Entregó la llave al ama, y le dio instrucciones para que rebuscara entre las pertenencias de lady Blackwood los objetos personales, y los guardara en el desván para que el señor Jamie pudiera tenerlos en su momento. También le dijo que entregara la ropa y todo lo demás a instituciones benéficas.

Tras ello, se dirigió a su despacho y se encerró en él. Había permanecido ausente todo un año; tenía mucho que hacer y esa noche no vería a su familia. Al día siguiente, los encontraría con una nueva cara. Ya no era un poeta. Lo que en la oscuridad del bosque frío le había parecido una verdad inmutable, ante el calor de la chimenea, en la comodidad de su hogar le pareció un exceso dramático. Tenía que planificar el futuro de Fiona y tenía un hijo al que cuidar. Con algo de suerte, tal vez incluso algún día convencería a Isobel de que se casara y se marchase de Alvamoor. Y tenía otro hermano. Si Gavin lo necesitaba, también estaría ahí por él. Recordó el poema de Robert Burns: «
Que en todo el mundo, los hombres sean hermanos por todo eso
». La vida tiene que seguir para los vivos y él no estaba dispuesto a eludir por más tiempo sus responsabilidades.

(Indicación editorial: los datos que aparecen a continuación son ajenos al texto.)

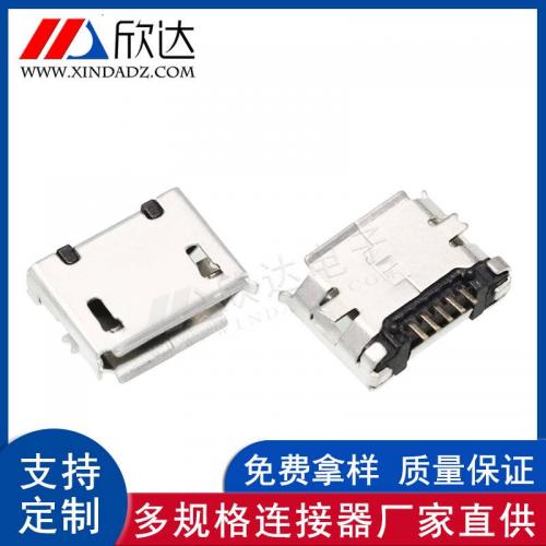厂家直供 micro母座 6.4mm平口有柱铁壳 USB连接器 5Pmicro连接器

Se acercó a la chimenea y sacó el diario de Cornelia y su nota. Los colocó cuidadosamente en la rejilla y removió las brasas hasta que ardieron. Luego se sirvió una copa de brandy y se sentó para dedicarse a los asuntos de negocios que su administrador le había dejado. Aquella era una ocupación limpia, sin emoción alguna, y le venía muy bien.

Al cabo de un rato, el criado nuevo entró para encender las velas acompañado de una muchacha que traía más carbón. Leam dio las gracias con un ademán de cabeza y les indicó que salieran, dispuesto a seguir con sus documentos.

Al cabo de un rato reparó en una nota plegada que había en una esquina de su escritorio. La cogió.

Sé que lo tienes. Quiero que me lo devuelvas. Nada de juegos y te dejaré en paz.

Lady Katherine ha regresado a Londres. Sería bueno que tú hicieras lo mismo. Me pondré en contacto contigo cuando llegues allí. Si no vienes, o si continúas jugando conmigo, esta vez apuntaré hacia ella adrede.

A Leam se le helaron las manos. De pronto se incorporó y tiró de la cuerda para llamar al servicio mientras salía a toda prisa al pasillo. El mayordomo se levantó sobresaltado de su asiento.

—¿Milord?

—¿Dónde está ese chico nuevo, el criado? Y Jessie, la criada que antes ha venido con el carbón. Tráemelos enseguida.

—Puedo llamar a Jessie, milord. Pero el chico nuevo pidió que le permitiese bajar al pueblo y asistir a la pelea de gallos de esta noche. Como no había librado ningún día desde que entró en la casa hace un mes, le he dado permiso.

Aunque sintió pánico, lo apartó de sí.

—¿Cuánto hace que lo dejaste marchar?

—Yo diría que fue hace sólo una hora, señor.

—Que ensillen de inmediato mi caballo —todavía había tiempo. Si la pelea duraba lo bastante, tal vez encontraría al muchacho.

Con una antorcha que atravesaba la noche fría y nebulosa, en la sencilla ciudad de la colina situada a kilómetro y medio de Alvamoor, Leam escrutaba las caras del gentío, hombres bebidos que empujaban, maldecían y se reían alrededor de los animales que luchaban con sus picos y garras. Pero, como Leam ya sospechaba, no había ningún criado que encontrar. Había perdido el tiempo.